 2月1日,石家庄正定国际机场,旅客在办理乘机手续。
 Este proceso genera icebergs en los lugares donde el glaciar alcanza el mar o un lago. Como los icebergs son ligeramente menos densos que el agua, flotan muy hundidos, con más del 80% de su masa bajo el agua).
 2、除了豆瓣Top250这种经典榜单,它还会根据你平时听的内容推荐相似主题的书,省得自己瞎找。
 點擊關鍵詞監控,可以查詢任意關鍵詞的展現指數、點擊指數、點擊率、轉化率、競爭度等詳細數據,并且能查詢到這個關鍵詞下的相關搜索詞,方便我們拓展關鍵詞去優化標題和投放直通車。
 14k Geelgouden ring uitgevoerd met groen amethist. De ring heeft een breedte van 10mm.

◆ ◆ ◆ ◆

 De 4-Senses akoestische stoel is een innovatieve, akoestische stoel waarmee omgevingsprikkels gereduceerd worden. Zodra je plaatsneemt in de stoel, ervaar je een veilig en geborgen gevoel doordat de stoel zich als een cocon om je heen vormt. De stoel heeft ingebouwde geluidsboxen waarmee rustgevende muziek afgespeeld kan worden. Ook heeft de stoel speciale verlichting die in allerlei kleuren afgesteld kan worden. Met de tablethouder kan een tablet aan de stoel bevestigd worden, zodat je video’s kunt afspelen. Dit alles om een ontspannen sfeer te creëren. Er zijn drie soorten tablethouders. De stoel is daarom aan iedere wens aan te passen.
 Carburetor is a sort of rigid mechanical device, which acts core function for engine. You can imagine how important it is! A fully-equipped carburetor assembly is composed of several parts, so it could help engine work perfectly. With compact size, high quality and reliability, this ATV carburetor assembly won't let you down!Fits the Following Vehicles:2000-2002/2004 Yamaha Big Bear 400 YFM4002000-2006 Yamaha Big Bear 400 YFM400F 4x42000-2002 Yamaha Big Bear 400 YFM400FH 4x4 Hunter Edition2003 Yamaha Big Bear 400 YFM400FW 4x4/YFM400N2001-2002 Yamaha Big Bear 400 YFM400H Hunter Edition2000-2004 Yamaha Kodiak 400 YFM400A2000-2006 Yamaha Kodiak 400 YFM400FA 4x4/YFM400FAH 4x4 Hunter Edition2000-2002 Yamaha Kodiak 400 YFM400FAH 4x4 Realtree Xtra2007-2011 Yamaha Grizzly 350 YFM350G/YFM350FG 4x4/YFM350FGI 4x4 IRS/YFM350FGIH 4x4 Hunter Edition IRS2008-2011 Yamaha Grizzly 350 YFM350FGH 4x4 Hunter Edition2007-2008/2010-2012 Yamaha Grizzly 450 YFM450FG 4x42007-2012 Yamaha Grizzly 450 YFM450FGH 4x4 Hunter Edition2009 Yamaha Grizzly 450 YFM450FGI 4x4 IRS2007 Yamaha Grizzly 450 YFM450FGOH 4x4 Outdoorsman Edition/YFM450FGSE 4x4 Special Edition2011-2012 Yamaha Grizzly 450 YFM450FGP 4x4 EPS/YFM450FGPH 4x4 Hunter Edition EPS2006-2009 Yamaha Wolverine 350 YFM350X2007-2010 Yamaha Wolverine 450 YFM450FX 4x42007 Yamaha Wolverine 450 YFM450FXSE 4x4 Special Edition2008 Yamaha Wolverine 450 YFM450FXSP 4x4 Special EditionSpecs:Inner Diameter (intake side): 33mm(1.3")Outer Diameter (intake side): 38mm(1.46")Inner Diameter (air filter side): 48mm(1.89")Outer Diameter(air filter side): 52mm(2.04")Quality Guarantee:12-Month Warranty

◆ ◆ ◆ ◆

Exercise details:
What do the lines above say from the one containing "2月1日,石家庄正定国际机场,旅客在办理乘机手续。" down to the one containing "14k Geelgouden ring"? Return them exactly, both end lines included, and only them.

Answer area:
 2月1日,石家庄正定国际机场,旅客在办理乘机手续。
 Este proceso genera icebergs en los lugares donde el glaciar alcanza el mar o un lago. Como los icebergs son ligeramente menos densos que el agua, flotan muy hundidos, con más del 80% de su masa bajo el agua).
 2、除了豆瓣Top250这种经典榜单,它还会根据你平时听的内容推荐相似主题的书,省得自己瞎找。
 點擊關鍵詞監控,可以查詢任意關鍵詞的展現指數、點擊指數、點擊率、轉化率、競爭度等詳細數據,并且能查詢到這個關鍵詞下的相關搜索詞,方便我們拓展關鍵詞去優化標題和投放直通車。
 14k Geelgouden ring uitgevoerd met groen amethist. De ring heeft een breedte van 10mm.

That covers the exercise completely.